EXERCISE DETAILS:
Within the entries below, the lines from the one with "据了解，按照厦门市相关规定，" through the one with "Ela TÜRKER 2/E" are to be set down exactly, both ends kept.

Stored data entries:
☆ ☆ ☆ ☆

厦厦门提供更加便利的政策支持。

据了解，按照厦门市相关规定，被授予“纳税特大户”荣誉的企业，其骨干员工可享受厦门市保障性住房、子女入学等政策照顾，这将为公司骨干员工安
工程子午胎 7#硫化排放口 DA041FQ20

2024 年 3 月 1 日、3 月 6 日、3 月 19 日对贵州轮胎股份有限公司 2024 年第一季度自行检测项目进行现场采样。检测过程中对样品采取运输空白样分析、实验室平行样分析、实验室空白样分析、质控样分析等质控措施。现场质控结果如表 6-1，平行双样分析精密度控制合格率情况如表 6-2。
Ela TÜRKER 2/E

☆ ☆ ☆ ☆

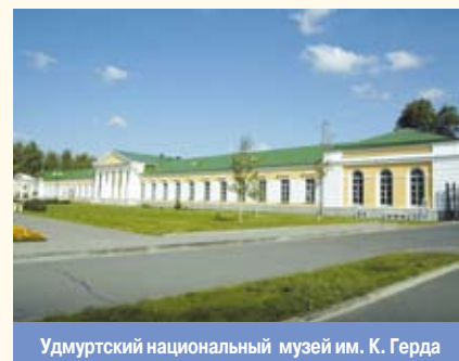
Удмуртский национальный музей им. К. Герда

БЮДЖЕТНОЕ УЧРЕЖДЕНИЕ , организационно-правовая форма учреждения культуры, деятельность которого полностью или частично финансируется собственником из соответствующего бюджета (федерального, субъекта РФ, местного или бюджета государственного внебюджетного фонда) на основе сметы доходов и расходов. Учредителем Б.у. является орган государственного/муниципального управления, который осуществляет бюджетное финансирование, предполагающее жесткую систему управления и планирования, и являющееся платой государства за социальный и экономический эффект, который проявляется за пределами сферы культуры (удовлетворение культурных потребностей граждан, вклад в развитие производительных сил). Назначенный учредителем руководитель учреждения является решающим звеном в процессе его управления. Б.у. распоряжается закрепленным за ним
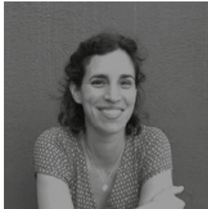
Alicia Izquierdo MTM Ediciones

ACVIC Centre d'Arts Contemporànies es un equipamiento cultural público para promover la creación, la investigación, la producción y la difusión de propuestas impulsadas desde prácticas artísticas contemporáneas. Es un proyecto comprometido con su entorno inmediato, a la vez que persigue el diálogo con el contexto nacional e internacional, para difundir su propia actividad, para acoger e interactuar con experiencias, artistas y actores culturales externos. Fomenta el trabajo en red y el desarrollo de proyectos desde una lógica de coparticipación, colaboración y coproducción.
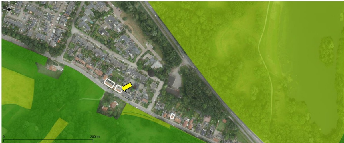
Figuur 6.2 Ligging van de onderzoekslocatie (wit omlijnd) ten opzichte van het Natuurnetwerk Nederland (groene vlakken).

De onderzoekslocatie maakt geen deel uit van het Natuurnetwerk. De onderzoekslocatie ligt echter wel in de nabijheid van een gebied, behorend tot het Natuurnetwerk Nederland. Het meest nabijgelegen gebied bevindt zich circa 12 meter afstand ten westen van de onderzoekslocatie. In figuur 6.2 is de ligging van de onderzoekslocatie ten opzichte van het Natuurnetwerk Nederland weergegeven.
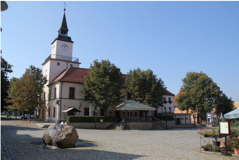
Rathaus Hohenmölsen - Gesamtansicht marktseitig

☆ ☆ ☆ ☆

WRITTEN SOLUTION:
据了解，按照厦门市相关规定，被授予“纳税特大户”荣誉的企业，其骨干员工可享受厦门市保障性住房、子女入学等政策照顾，这将为公司骨干员工安
工程子午胎 7#硫化排放口 DA041FQ20

2024 年 3 月 1 日、3 月 6 日、3 月 19 日对贵州轮胎股份有限公司 2024 年第一季度自行检测项目进行现场采样。检测过程中对样品采取运输空白样分析、实验室平行样分析、实验室空白样分析、质控样分析等质控措施。现场质控结果如表 6-1，平行双样分析精密度控制合格率情况如表 6-2。
Ela TÜRKER 2/E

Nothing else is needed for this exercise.